VQA Match : metric, measure quality work models artificial intelligence in tasks answer on questions (VQA). Method: In difference from tasks with set answers or tasks type "/no", metric VQA Match is applied to answers on questions about Metric provides value from 0 to 1, degree between answer model and reference answer.
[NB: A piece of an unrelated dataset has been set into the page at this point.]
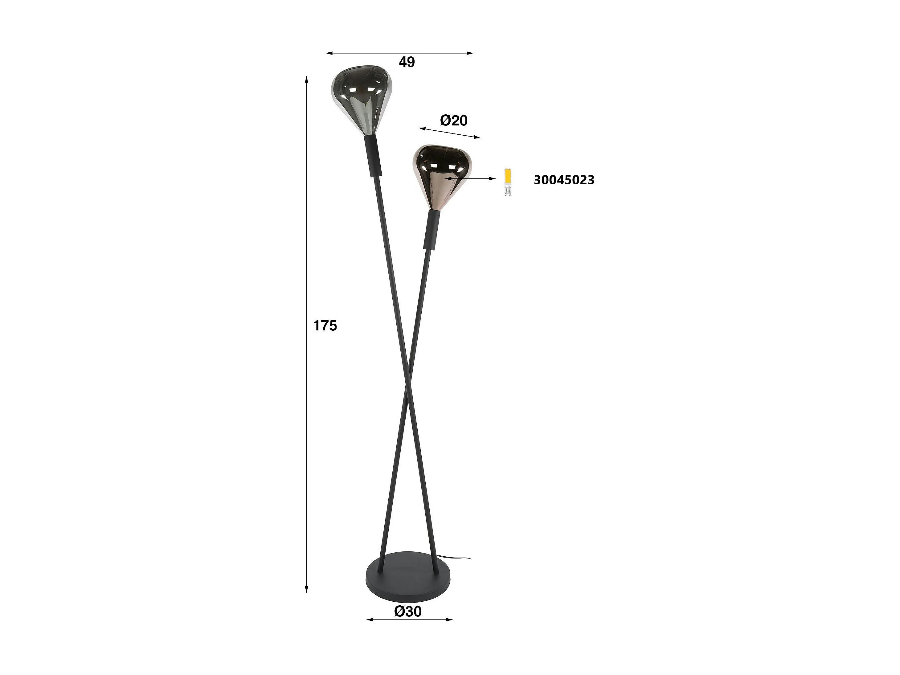 Lampadaire design tiges croisées, 2 abat-jour gouttes NIAGARA

Process evaluation: 1. For given answer a and answer â sim(a, â) answers for obtaining evaluation 2. three evaluation: • Exact match: 1 score, if answers • : between answers • match: is used for answers on basis algorithms processing language Advantages: - with various answers, including numerical, and evaluates answers, by-for large data and various fields application Application: This metric is used for evaluation in tasks answer on questions, that allows conduct comparison various models machine training, with and text • Self-reported

78.6%

License & Metadata

License

apache_2_0

Announcement Date

September 17, 2024

Last Updated

July 19, 2025

Similar Models

All Models

Mistral Small 3.2 24B Instruct

Mistral AI

MM23.6B

Best score:0.9 (HumanEval)

Released:Jun 2025

Mistral Small 3 24B Base

Mistral AI

MM23.6B

Best score:0.9 (ARC)

Released:Jan 2025

Mistral Small 3.1 24B Instruct

Mistral AI

MM24.0B

Best score:0.9 (HumanEval)

Released:Mar 2025

Magistral Medium

Mistral AI

MM24.0B

Best score:0.7 (GPQA)

Released:Jun 2025

Mistral Small 3.1 24B Base

Mistral AI

MM24.0B

Best score:0.8 (MMLU)

Released:Mar 2025

Price:$0.10/1M tokens

Mistral Small 3 24B Instruct

Mistral AI

24.0B

Best score:0.8 (HumanEval)

Released:Jan 2025

Price:$0.10/1M tokens

Mistral NeMo Instruct

Mistral AI

12.0B

Best score:0.7 (MMLU)

Released:Jul 2024

Price:$0.15/1M tokens

Magistral Small 2506

Mistral AI

24.0B

Best score:0.7 (GPQA)

Released:Jun 2025

Recommendations are based on similarity of characteristics: developer organization, multimodality, parameter size, and benchmark performance. Choose a model to compare or go to the full catalog to browse all available AI models.